Exploring Causality in Complex Situations using EvalC3

By Hur Hassnain, Monitoring, Evaluation, Accountability and Learning Adviser, War Child UK

At the 2017 MERL Tech London conference, my team and I gave a presentation that addressed the possibilities for and limitations of evaluating complex situations using simple Excel-based tools. The question we explored was: can Excel help us manipulate data to create predictive models and suggest  promising avenues  to project success? Our basic answer was “not yet,” at least not to its full extent. However, there are people working with accessible software like Excel to make analysis simpler for evaluators with less technical expertise.

In our presentation, Rick Davies, Mark Skipper and I showcased EvalC3, an Excel based evaluation tool that enables users to easily identify sets of attributes in a project dataset and to then compare and evaluate the relevance of these attributes to achieving the desired outcome. In other words, it helps answer the question ‘what combination of factors helped bring about the results we observed?’ In the presentation, after we explained what EvalC3 is and gave a live demonstration of how it works, we spoke about our experience using it to analyze real data from a UNICEF funded War Child UK project in Afghanistan–a project that helps children who have been deported back to Afghanistan from Iran.

Our team first learned of EvalC3 when, upon returning from a trip to our Afghanistan country programme, we discussed how our M&E team in Afghanistan uses Excel for storing and analysing data but is not able to use the software to explore or evaluate complex causal configurations. We reached out to Rick with this issue, and he introduced us to EvalC3. It sounded like the solution to our problem, and our M&E officer in Afghanistan decided to test it by using it to dig deeper into an Excel database he’d created to store data on one thousand children who were registered when they were deported to Afghanistan.  

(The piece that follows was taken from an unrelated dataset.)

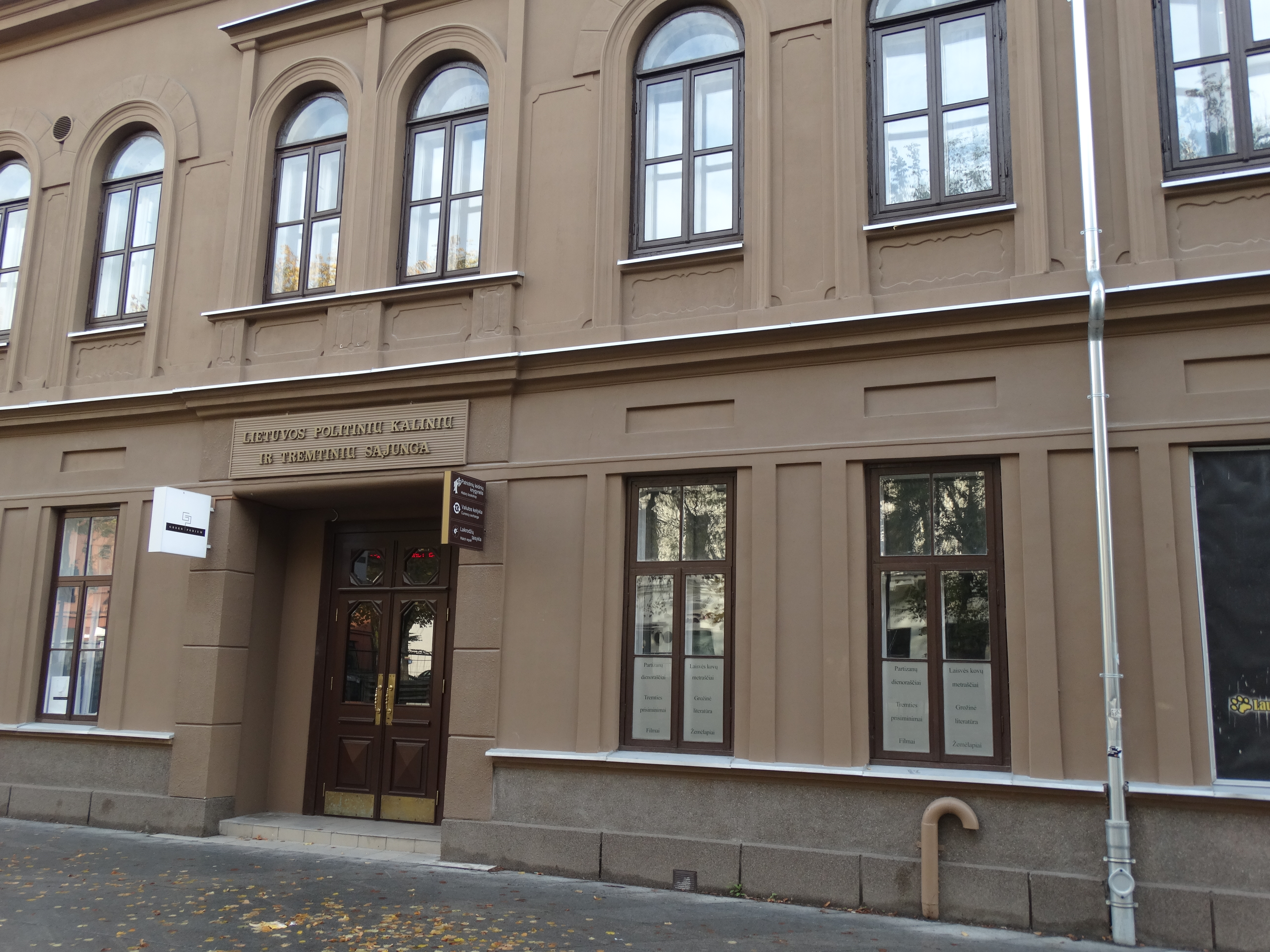 Union of Political Prisoners and Deportees, Kaunas, Lithuania

Rick, Hosain Hashmi (our M&E Officer in Afghanistan) and I formed a working group on Skype to test drive EvalC3. First, we needed to clean the data. To do this, we asked our social workers to contact the children and their caretakers to collect important missing data. Missing data is a common problem when collecting data in fragile and conflict affected contexts like those where War Child works. Fortunately, we found that EvalC3 algorithms can work with some missing data, with the tradeoff being slightly less accurate measures of model performance. Compare this to other algorithms (like Quine-McCluskey used in QCA) which do not work at all if the data is missing for some variables. We also had to reduce the number of dimensions we used. If we did not, there could be millions of combinations that could be possible outcome predictors, and an algorithm could not search all of these possibilities in a reasonable span of time. This exercise spoke to M. A. Munson’s theory that “model building only consumes 14% of the time spent on a typical [data mining] project; the remaining time is spent on the pre and post processing steps”.

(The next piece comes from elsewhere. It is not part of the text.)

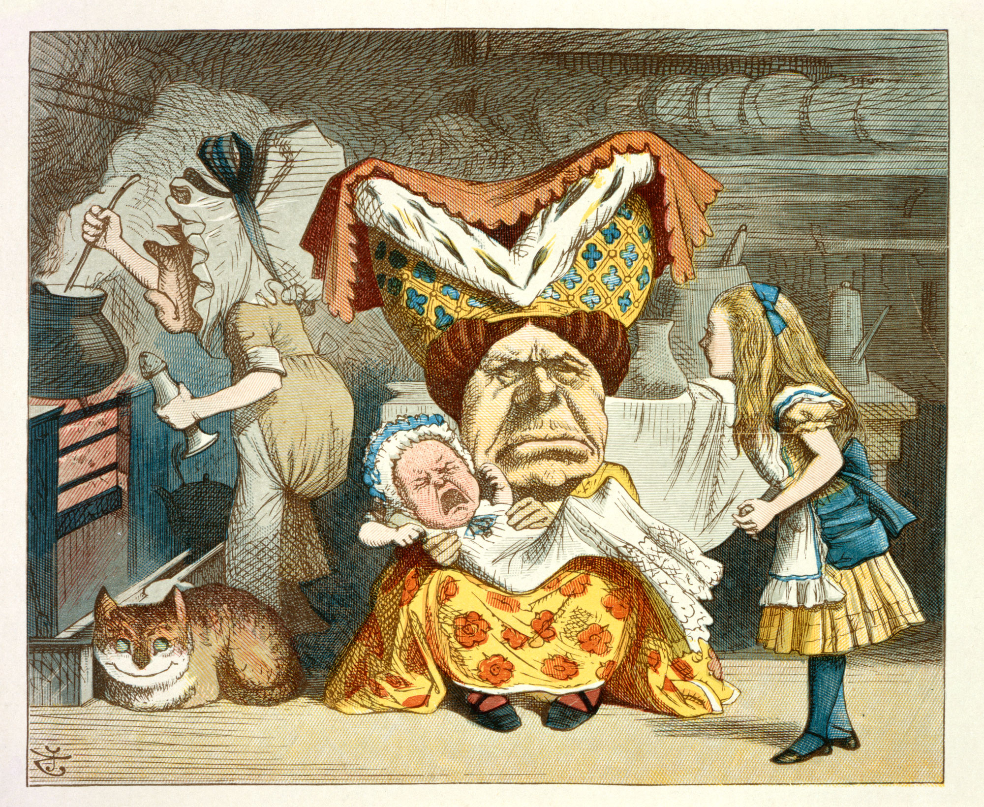 Illustration from The Nursery "Alice", containing twenty coloured enlargements from Tenniel's illustrations to "Alice's Adventures in Wonderland," with text adapted to nursery readers by Lewis Carroll. (London: Macmillan and Co. 1890) (Taken from British Library item Cup.410.g.74)

With a few weeks of work on the available dataset of children deported from Iran, we found that the children who are most likely to go back to Iran for economic purposes are mainly the children who:

  • Are living with friends (instead of with. relatives/caretakers)
  • Had not been doing farming work when they were in Iran
  • Had not completed 3 months vocational training
  • Are from adult headed households (instead of from child headed households).

As the project is still ongoing, we will continue to  investigate the cases covered by the model described here in order to better understand the causal mechanisms at work.

This experience of using EvalC3 encouraged War Child to refine the data it routinely collects with a view to developing a better understanding of where War Child interventions help or don’t help. The in-depth data-mining process and analysis conducted by the national M&E Officer and programmes team resulted in improved understanding of the results we can achieve by analyzing quality data.  EvalC3 is a user-friendly evaluation tool that is not only useful in improving current programmes but also designing new and evidence based programmes.